*** Raw data ***

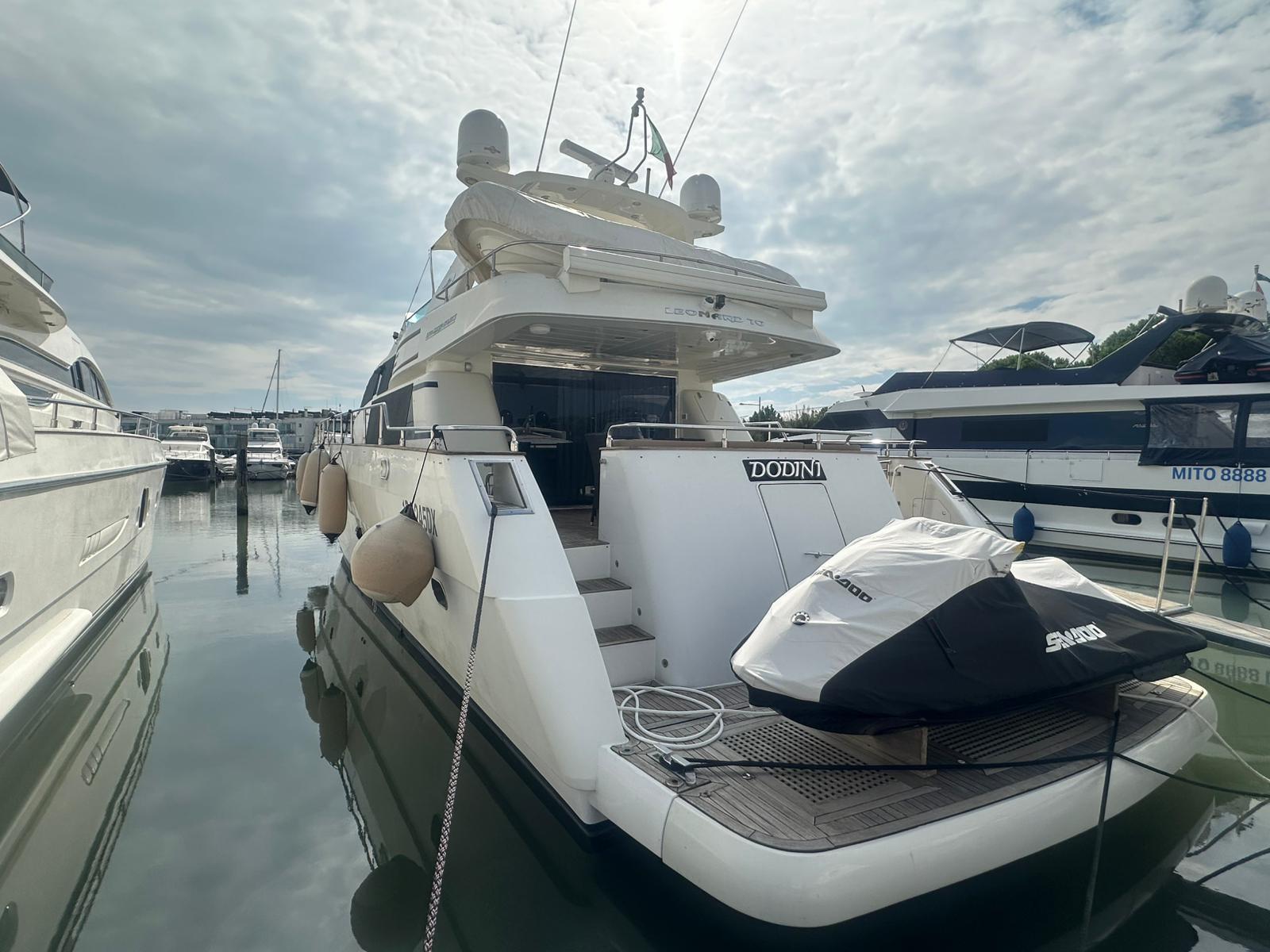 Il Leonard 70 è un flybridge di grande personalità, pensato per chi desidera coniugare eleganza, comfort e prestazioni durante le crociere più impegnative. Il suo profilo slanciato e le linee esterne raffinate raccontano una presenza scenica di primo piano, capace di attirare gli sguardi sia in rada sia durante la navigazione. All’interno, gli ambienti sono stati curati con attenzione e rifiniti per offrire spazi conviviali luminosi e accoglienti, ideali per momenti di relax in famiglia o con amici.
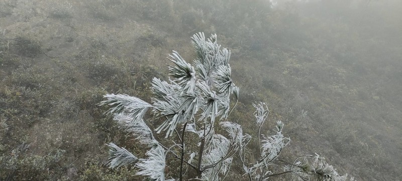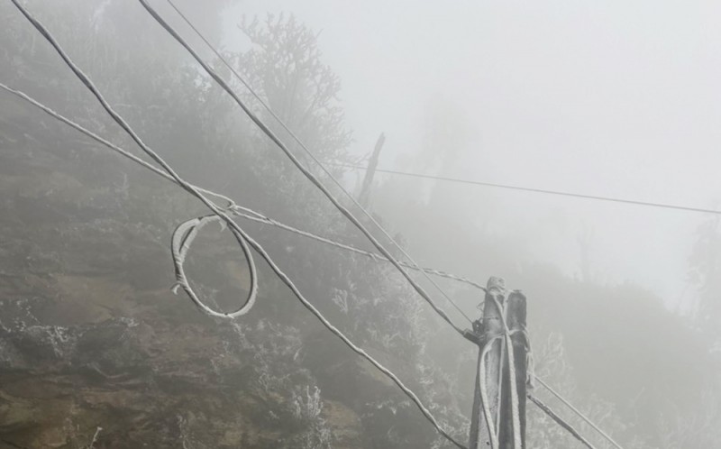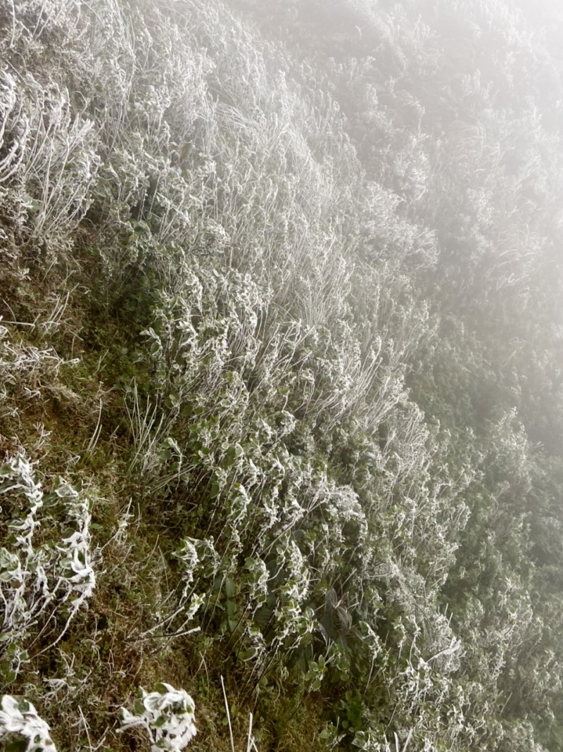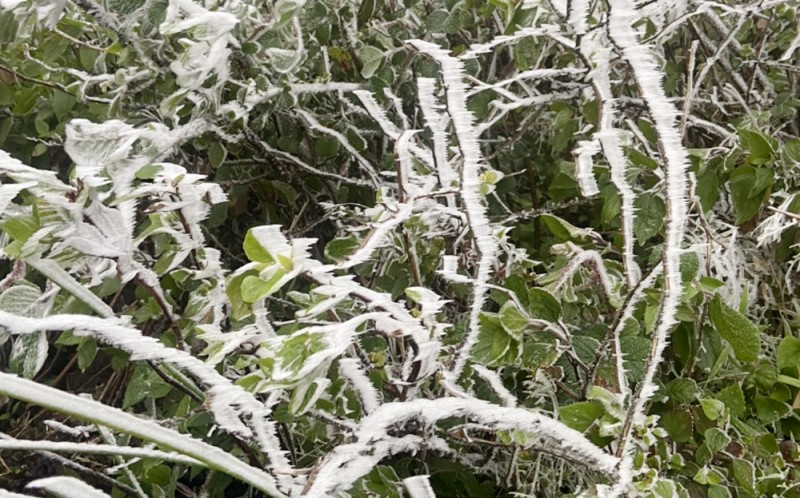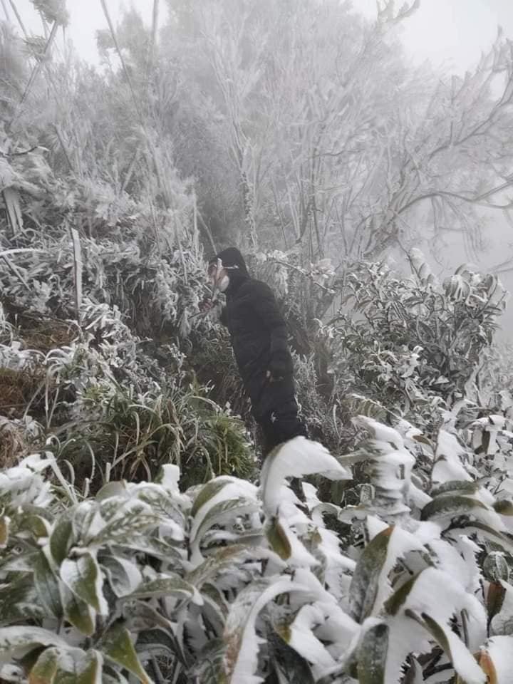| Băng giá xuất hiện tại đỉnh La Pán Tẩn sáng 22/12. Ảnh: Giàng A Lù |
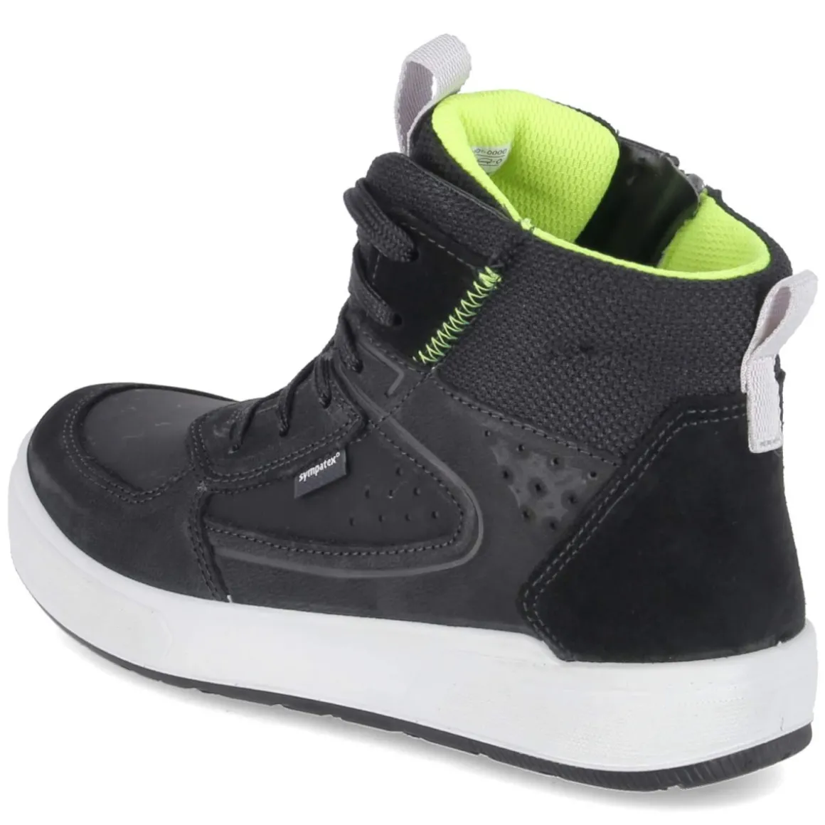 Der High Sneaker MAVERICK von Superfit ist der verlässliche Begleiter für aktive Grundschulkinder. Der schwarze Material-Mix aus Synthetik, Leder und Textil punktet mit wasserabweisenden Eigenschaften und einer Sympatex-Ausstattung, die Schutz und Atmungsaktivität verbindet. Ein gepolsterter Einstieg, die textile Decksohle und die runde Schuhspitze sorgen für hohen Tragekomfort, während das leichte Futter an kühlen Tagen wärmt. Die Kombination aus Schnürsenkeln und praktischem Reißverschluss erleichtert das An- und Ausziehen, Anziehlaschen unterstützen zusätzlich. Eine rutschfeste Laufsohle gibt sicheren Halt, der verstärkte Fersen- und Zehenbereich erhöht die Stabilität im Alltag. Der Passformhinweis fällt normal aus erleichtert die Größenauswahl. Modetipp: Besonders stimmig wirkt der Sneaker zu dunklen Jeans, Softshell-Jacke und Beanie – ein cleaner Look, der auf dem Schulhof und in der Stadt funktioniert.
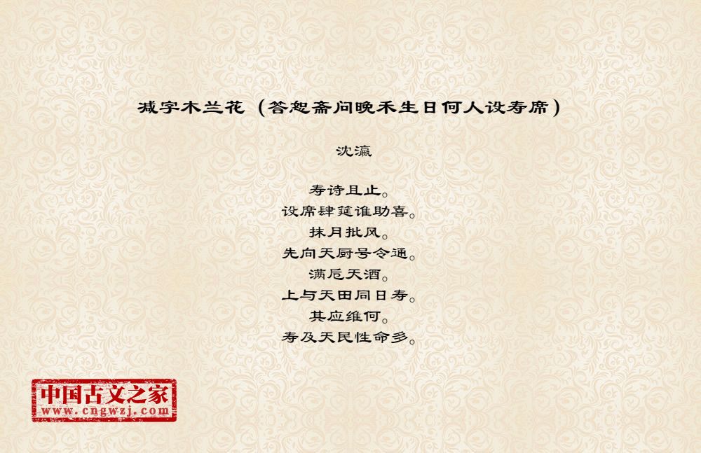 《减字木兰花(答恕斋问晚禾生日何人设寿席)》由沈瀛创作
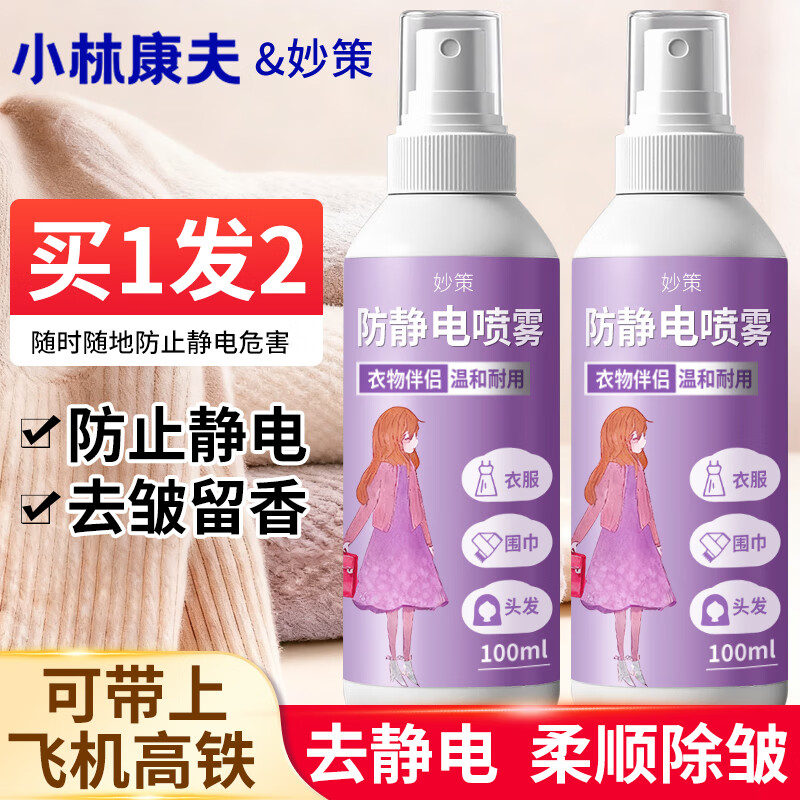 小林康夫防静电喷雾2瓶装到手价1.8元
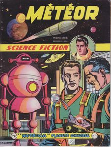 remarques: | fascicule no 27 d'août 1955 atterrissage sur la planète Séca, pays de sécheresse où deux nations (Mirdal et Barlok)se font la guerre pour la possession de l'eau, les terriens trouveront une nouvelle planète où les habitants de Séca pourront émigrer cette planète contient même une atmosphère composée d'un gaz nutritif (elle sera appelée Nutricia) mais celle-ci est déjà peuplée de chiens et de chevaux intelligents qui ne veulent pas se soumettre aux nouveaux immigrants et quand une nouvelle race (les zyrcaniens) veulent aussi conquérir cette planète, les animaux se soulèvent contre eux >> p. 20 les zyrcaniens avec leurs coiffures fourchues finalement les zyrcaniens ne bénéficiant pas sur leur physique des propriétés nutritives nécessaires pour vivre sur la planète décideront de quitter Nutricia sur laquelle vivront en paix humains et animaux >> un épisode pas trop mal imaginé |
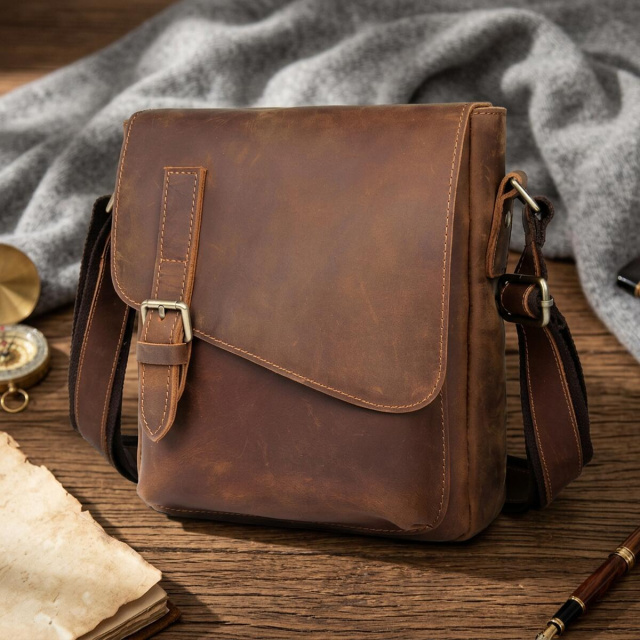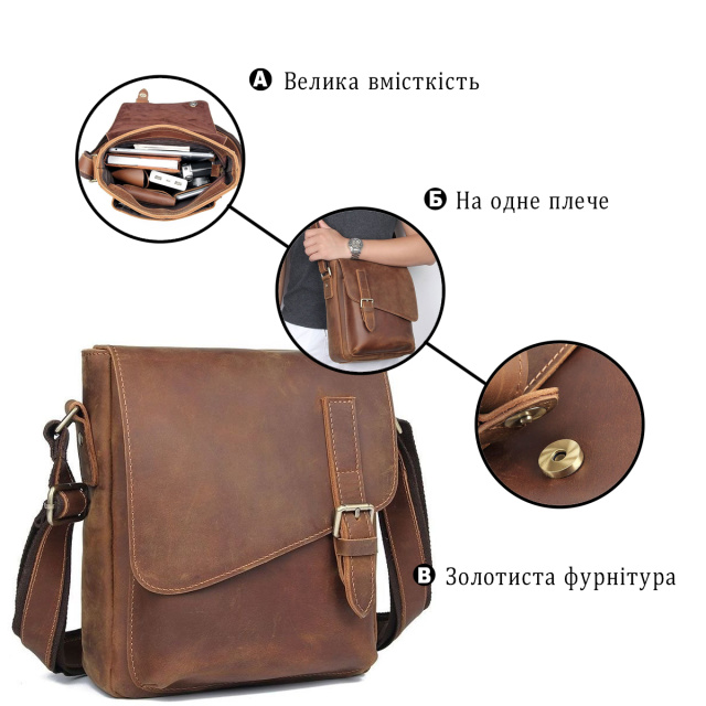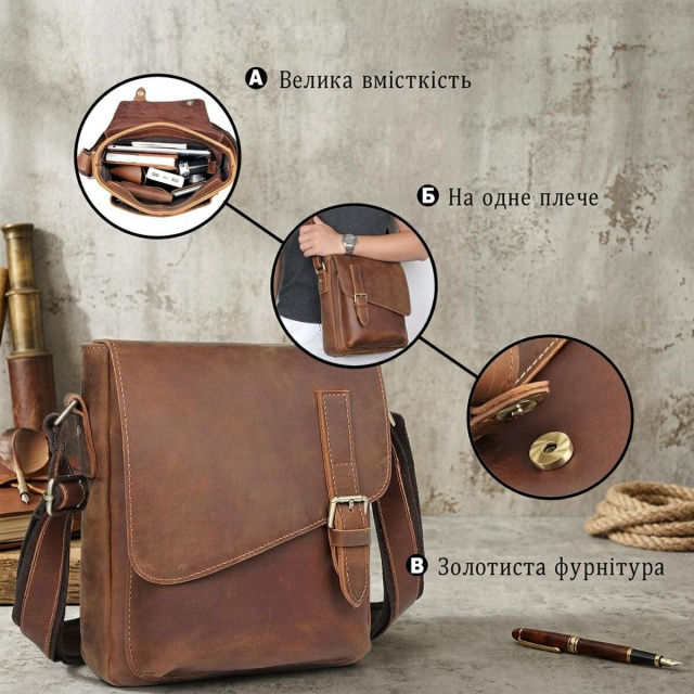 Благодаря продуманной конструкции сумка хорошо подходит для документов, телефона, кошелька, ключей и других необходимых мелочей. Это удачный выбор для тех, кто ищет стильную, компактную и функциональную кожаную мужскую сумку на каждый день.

*** End of Raw data ***

Leaving the pictures aside, repeat the data above exactly.

 Il Leonard 70 è un flybridge di grande personalità, pensato per chi desidera coniugare eleganza, comfort e prestazioni durante le crociere più impegnative. Il suo profilo slanciato e le linee esterne raffinate raccontano una presenza scenica di primo piano, capace di attirare gli sguardi sia in rada sia durante la navigazione. All’interno, gli ambienti sono stati curati con attenzione e rifiniti per offrire spazi conviviali luminosi e accoglienti, ideali per momenti di relax in famiglia o con amici.
| Băng giá xuất hiện tại đỉnh La Pán Tẩn sáng 22/12. Ảnh: Giàng A Lù |
 Der High Sneaker MAVERICK von Superfit ist der verlässliche Begleiter für aktive Grundschulkinder. Der schwarze Material-Mix aus Synthetik, Leder und Textil punktet mit wasserabweisenden Eigenschaften und einer Sympatex-Ausstattung, die Schutz und Atmungsaktivität verbindet. Ein gepolsterter Einstieg, die textile Decksohle und die runde Schuhspitze sorgen für hohen Tragekomfort, während das leichte Futter an kühlen Tagen wärmt. Die Kombination aus Schnürsenkeln und praktischem Reißverschluss erleichtert das An- und Ausziehen, Anziehlaschen unterstützen zusätzlich. Eine rutschfeste Laufsohle gibt sicheren Halt, der verstärkte Fersen- und Zehenbereich erhöht die Stabilität im Alltag. Der Passformhinweis fällt normal aus erleichtert die Größenauswahl. Modetipp: Besonders stimmig wirkt der Sneaker zu dunklen Jeans, Softshell-Jacke und Beanie – ein cleaner Look, der auf dem Schulhof und in der Stadt funktioniert.
 《减字木兰花(答恕斋问晚禾生日何人设寿席)》由沈瀛创作
 小林康夫防静电喷雾2瓶装到手价1.8元
 remarques: | fascicule no 27 d'août 1955 atterrissage sur la planète Séca, pays de sécheresse où deux nations (Mirdal et Barlok)se font la guerre pour la possession de l'eau, les terriens trouveront une nouvelle planète où les habitants de Séca pourront émigrer cette planète contient même une atmosphère composée d'un gaz nutritif (elle sera appelée Nutricia) mais celle-ci est déjà peuplée de chiens et de chevaux intelligents qui ne veulent pas se soumettre aux nouveaux immigrants et quand une nouvelle race (les zyrcaniens) veulent aussi conquérir cette planète, les animaux se soulèvent contre eux >> p. 20 les zyrcaniens avec leurs coiffures fourchues finalement les zyrcaniens ne bénéficiant pas sur leur physique des propriétés nutritives nécessaires pour vivre sur la planète décideront de quitter Nutricia sur laquelle vivront en paix humains et animaux >> un épisode pas trop mal imaginé |
 Благодаря продуманной конструкции сумка хорошо подходит для документов, телефона, кошелька, ключей и других необходимых мелочей. Это удачный выбор для тех, кто ищет стильную, компактную и функциональную кожаную мужскую сумку на каждый день.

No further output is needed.